Someone on another comment section talked about landslide that would follow the devastating fires and suddenly this has happened.
They can blame it on an arson for fires but what is the name given for this act?
We have seen this for decades and decades-
That area is prone to mud slides after 2 weeks of rain-
Even with no fire.
But after a fire - lol
It’s becomes deadly landslides-
All the toxic mud right into the ocean-
The trees hold the mud together.. With the trees burnt, I guess landslide is inevitable 😔😔😔… very scary and painful to see..
@@xuxito God's judgement🤣🤣🤣
Because it has happened before.
Insurance company: Sorry, you only have fire insurance, not mudslide insurance.
🤣 ☠️
they'd still deny it because it was not a natural occurring mudslide. they'd try to pin the blame on the city for the water usage above that caused it.
sue whoever owns the pipe, for their liabilty insurance
Many insurance companies canceled fire insurance several months before these man made fires. All done by design.
Actually they have neither now. Times changed.

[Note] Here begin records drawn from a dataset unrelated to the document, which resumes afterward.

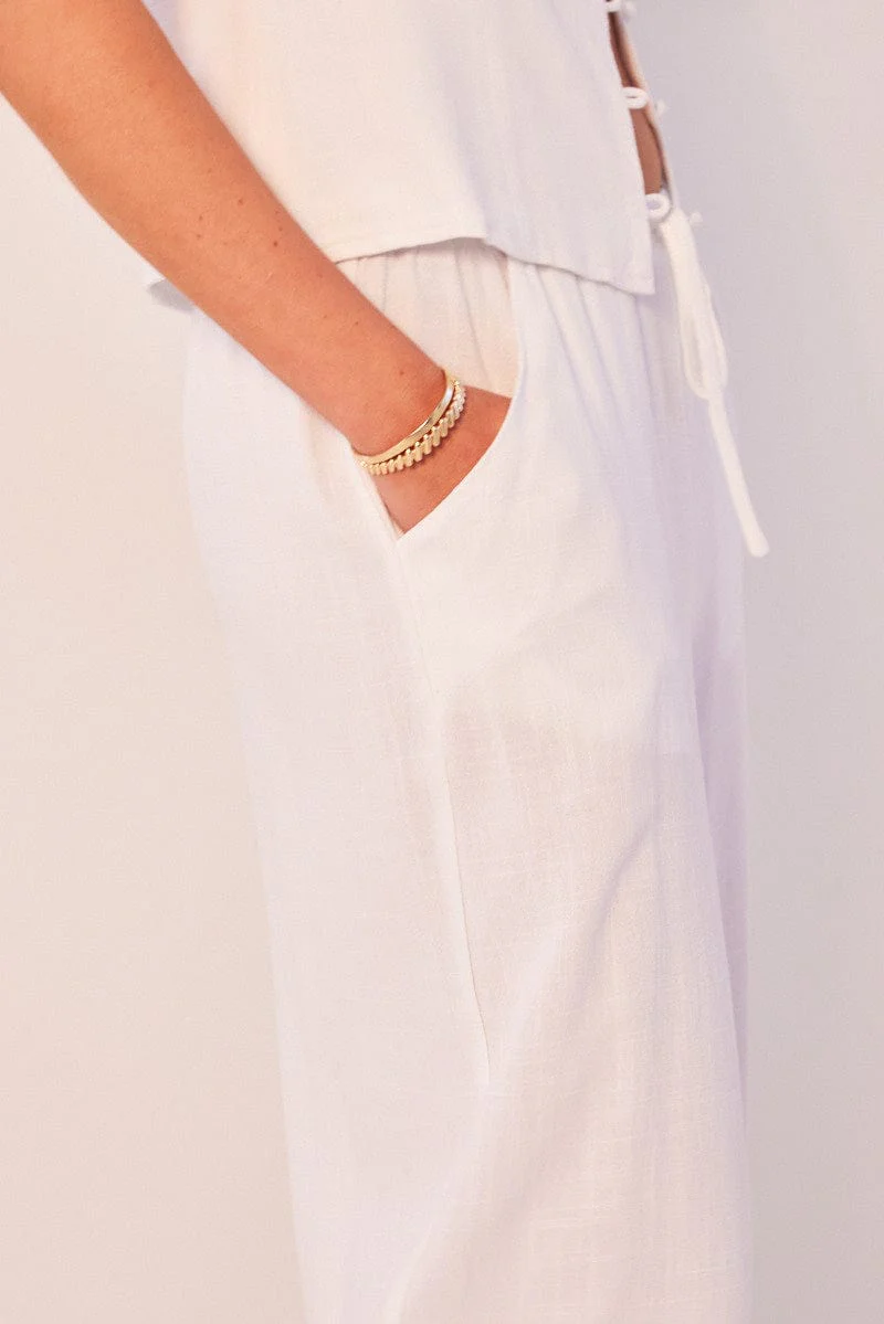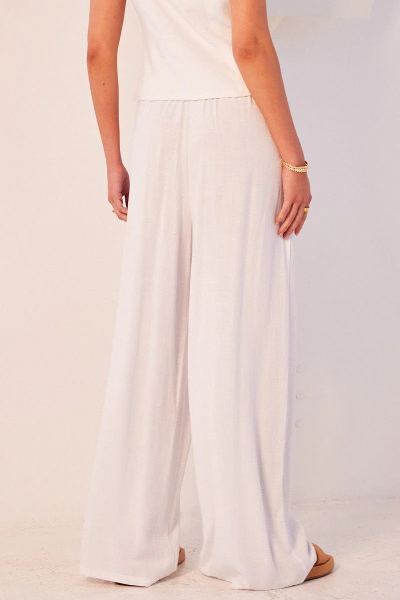 White Wide Leg Pants High Rise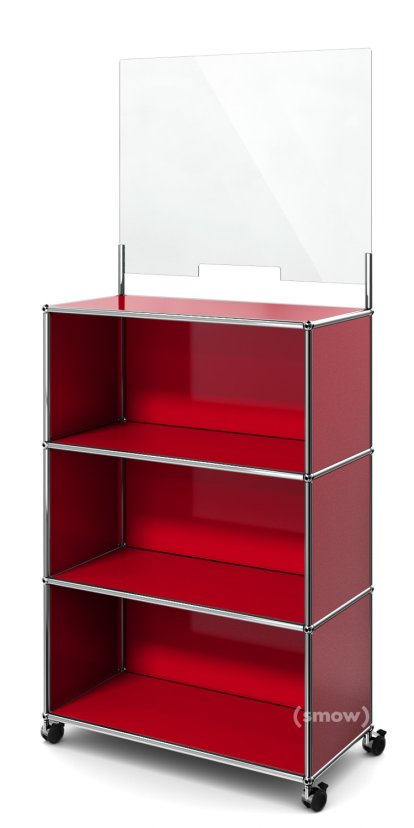 USM Haller Counter M mit Security Screen, USM rubinrot, Mit Rollen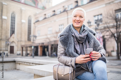 Woman on the street uses a cellphone
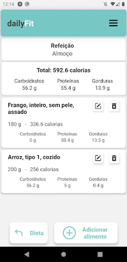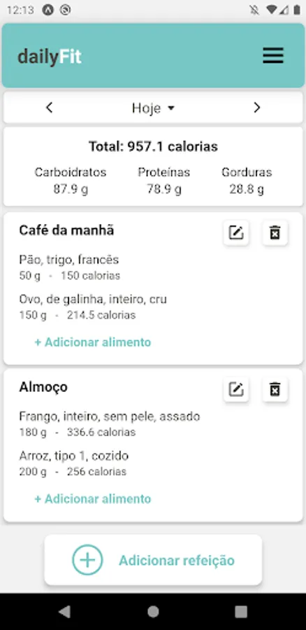 Plan and track your diet with dailyFit, record meals, foods and see calorie and macronutrient consumption based on the Brazilian Table of Food Composition (TACO).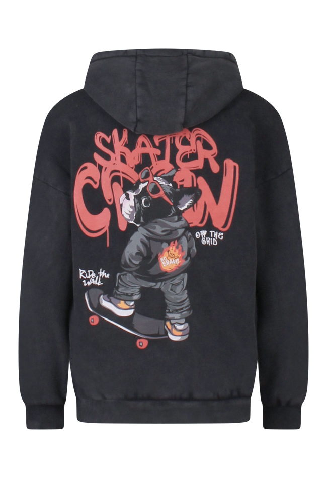 Stoere sweater met grote 'Skater crew' print op de rug. Deze sweater heeft een capuchon en combineer je gemakkelijk met een fijne spijkerbroek. Stoer, tijdloos en trendy!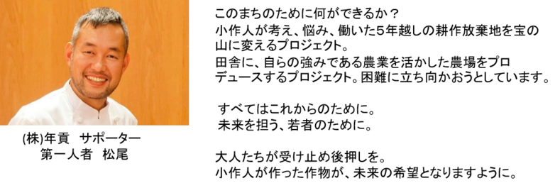 そのためにまず、「野菜販売」を主軸とする会社を支援者・仲間と立ち上げ、活動や内容、「農」の面白さや奥深さを少しでも多くの方に知っていただきたいと考えております。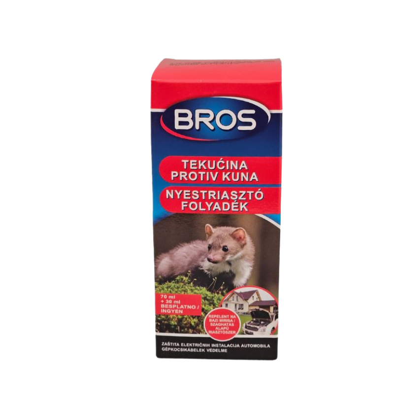 Bros Nyestriasztó folyadék 0,1 L – Szaghatás alapú nyest riasztó 0,5% gerániol hatóanyaggal. Bros nyestriasztó beltéri helyiségek, járművek, nyílt terek. Hígítás nélkül, 8 hétig hatásos.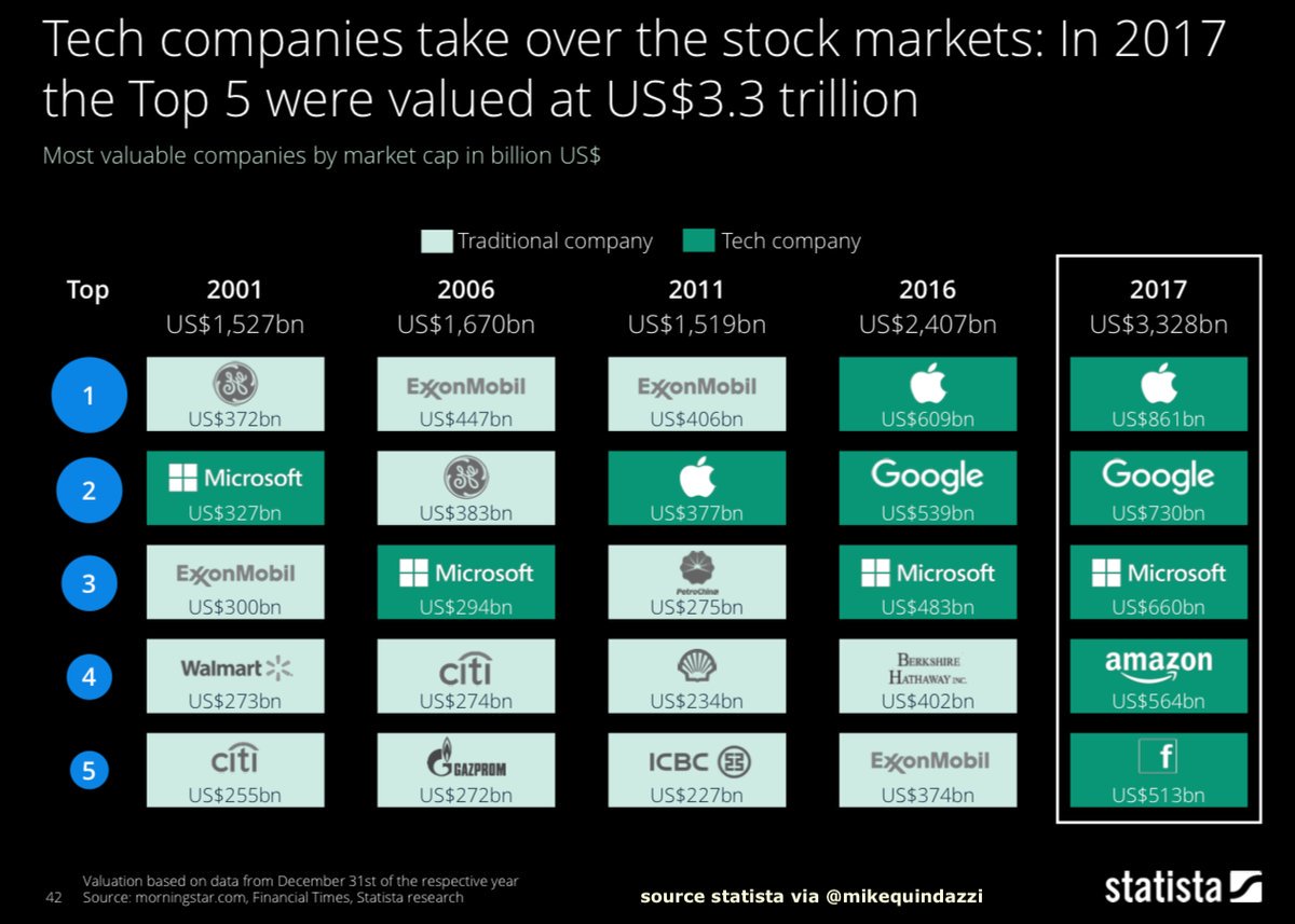 @mikequindazzi#Tech is eating the world!@StatistaCharts via@MikeQuindazzi Hashtags#mobile#cloud#socialmedia#virtualassistants#ecommerce#fintech#iot#cloudcomputing Top 5#Apple#Google#Microsoft#Amazon#Facebookpic.twitter.com/smi28bYWpX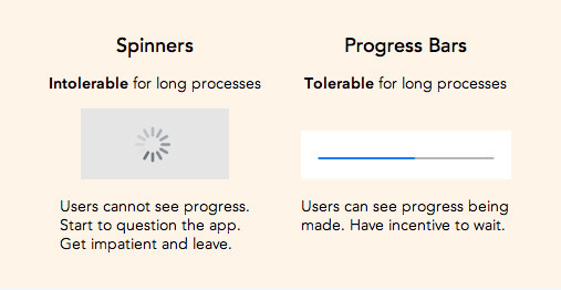 Spinners don’t tell users how long the process will take to load. If you use it for long load times, they’ll end up wondering if something went wrong with the website. The lack of feedback creates uncertainty, which discourages the user from waiting and may exit the page.
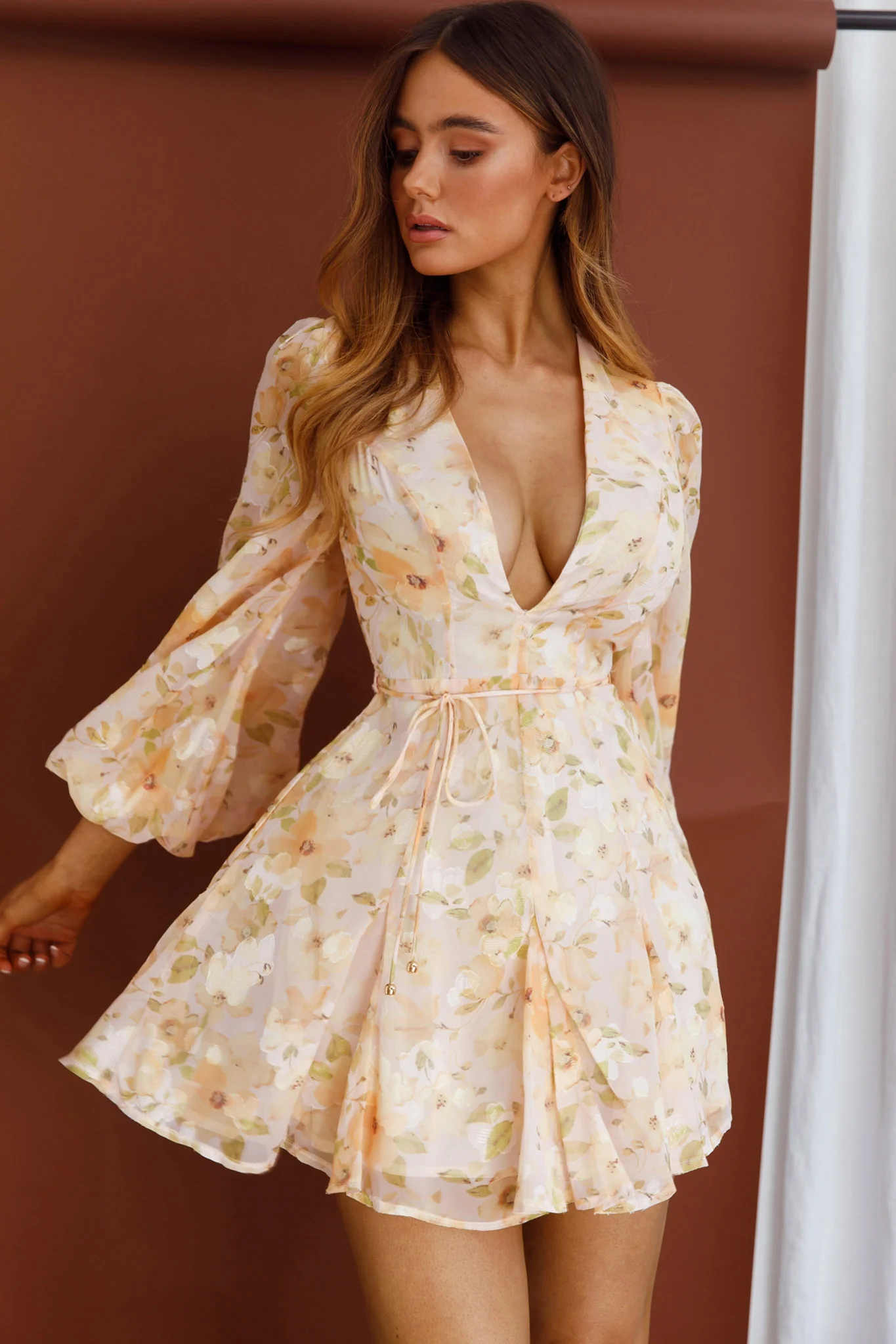 Estelle Long Sleeve V-Neckline Dress Watercolor Floral Print Peach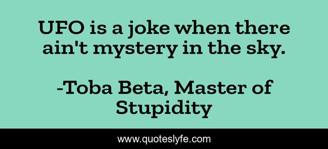 This page presents the quote "UFO is a joke when there ain't mystery in the sky.". Author of this quote is Toba Beta, Master of Stupidity. This quote is about mystery, joke, ufo,.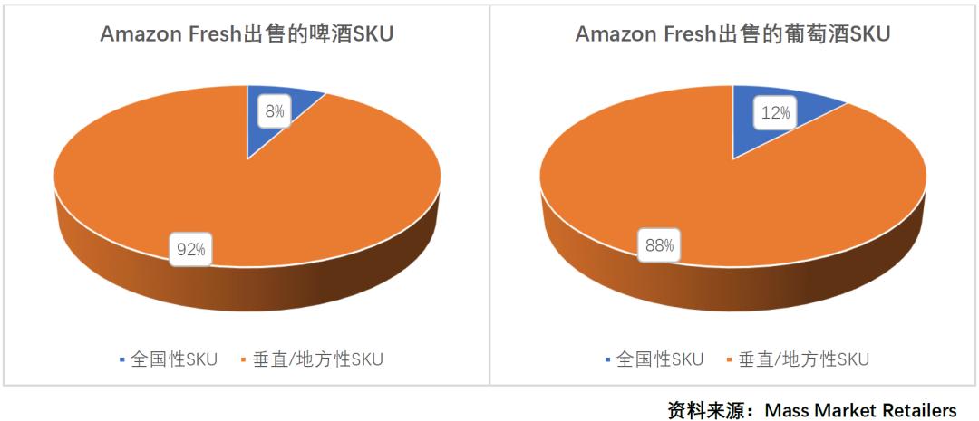 与此同时,本地日用品和农产品生产商反而会受益。市场研究机构Mass Market Retailer的调查显示,在Amazon Fresh实体门店出售的啤酒SKU当中,只有8%属于全国性SKU(在所有门店均可买到),剩下的都是地方性品类;葡萄酒则只有12%属于全国性SKU。有趣的是,Amazon Fresh门店的平均SKU数量却远远低于传统连锁零售店——也就是说,前者比后者更加本地化,更加依赖垂类和中小型生产商。
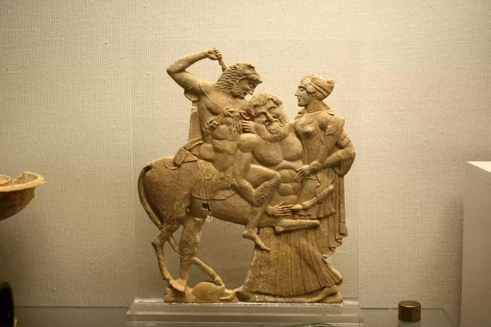 Melian relief with a scene of Hercules killing the centaur Nessos. Just before the middle of the 5th century BC, from a grave at Troizen.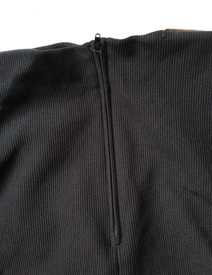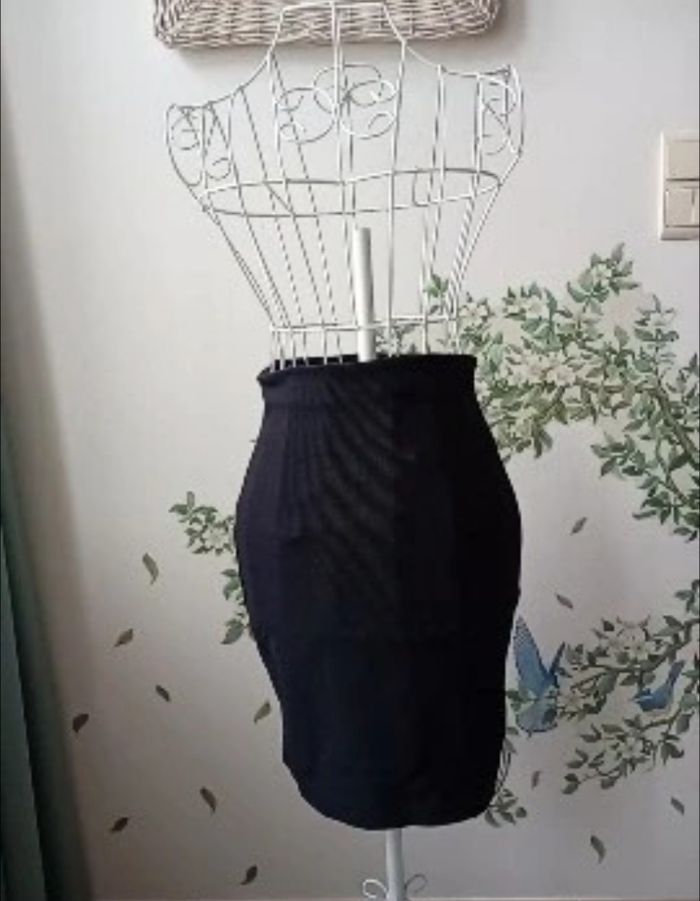 Jupe crayon côtelée noir, matière élastique. Se ferme avec fermeture éclair, taille XS. Il n'y a pas d'étiquette de taille mais taille XS.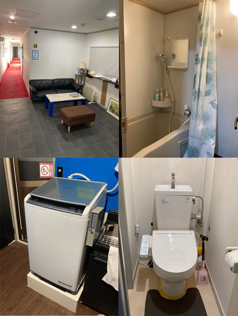 キッチン(電子レンジ、冷蔵庫)、シャワー、洗濯機、トイレ(ウォシュレット付き)、掃除機はシェアとなります。共用部分の清掃はすべてこちらで致します。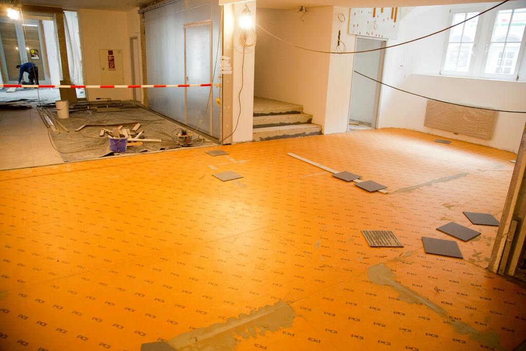 Das bauausführende Unternehmen wandte sich an die Fachberatung der PCI Augsburg GmbH. Falk Findeisen von der PCI Anwendungstechnik in Wittenberg prüfte die Sachlage vor Ort und konnte grünes Licht geben: "Mit dem PCI System 'Gleichmäßiges Fugenbild' war es uns möglich, die Bewegungsfugen im Estrich zu überfliesen, diese versetzt im Oberbelag anzuordnen und somit das optische Erscheinungsbild der großformatigen Fliesen zu erhalten", erläutert der PCI-Anwendungstechniker, "und die Voraussetzungen waren im Foyer des Theaters dafür gegeben." Das Prinzip dieser Systemlösung beruht auf einer Entkoppelung des Belages vom Untergrund bei gleichzeitig solider Verbundhaftung.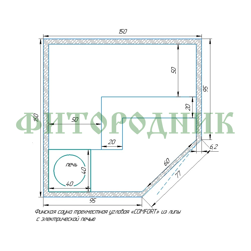 Финская сауна трехместная угловая «COMFORT» с электрической печью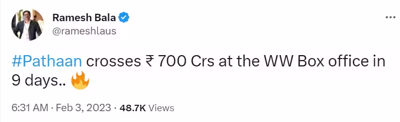 ഫിലിം ട്രേഡ് അനലിസ്റ്റ് രമേഷ് ബാലയാണ് വെള്ളിയാഴ്ച ട്വിറ്ററിൽ പഠാന്‍റെ കലക്ഷന്‍ റിപ്പോര്‍ട്ട് പുറത്തുവിട്ടത്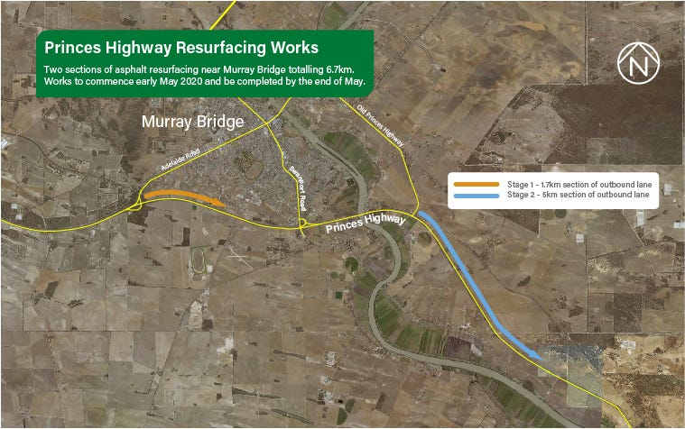 Workers will improve the road surface on at two locations over the coming weeks: a 1.7-kilometre section of the freeway just past the Adelaide Road, Murray Bridge exit; and a 5km stretch beyond the Murray Bridge East exit.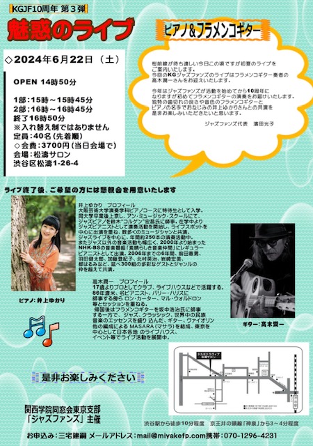 6/22「松濤タカギクラヴィア」での高木潤一さんとのステージは、おかげさまで現在ほぼ満席のご予約をいただいているそうです。お席のお問い合わせは、主催の三宅さんまでどうぞよろしくお願いいたします😊💕😊 ◆6/22(土)◆

Building homes on hills and in a fire zone is probably not the best idea.
All places where we build have their upsides and downsides. If you don't have fires, you might have earthquakes or hurricanes, or draught. The problem is not where we build it is the fact we get used to and demand and seek comfort and stability that is just temporary and mostly an illusion. We should focus on adaptability and skills that matter, a complete overhaul of how society currently works
@@TechnoMageCreator Building a house on a mountain has a higher risk factor and that's why insurance companies refuse to cover them.
@@yummm8775 anywhere we build is risky, nothing is supposed to last forever, the reason why everything in this universe works in cycles. If you observe the world long enough you will notice that
@TechnoMageCreator Stop dismissing and willfully ignoring reality. Some places ABSOLUTELY ARE higher risk than others. It doesn’t take a brain surgeon to understand that. Some parts of the country have legitimate natural disaster threats: Hurricanes on the gulf and east coasts, tornados in tornado alley, bitter cold and tremendous snow to the north, wildfires and earthquakes out west. Some places experience none of those things ever. Some places are also HORRIBLY mismanaged and are totally ill equipped to handle the disasters they KNOW will be coming sooner or later. Thus, the level of risk varies GREATLY from one locale to the next. Yes, there are tradeoffs, but the facts simply don’t lie. You don’t see insurance companies leaving Idaho, Montana, Wyoming, Nebraska, etc etc.. You see them leaving California and Florida in particular, because the frequent devastation results in them having to make massive payouts that simply don’t happen with anything like the same regularity elsewhere.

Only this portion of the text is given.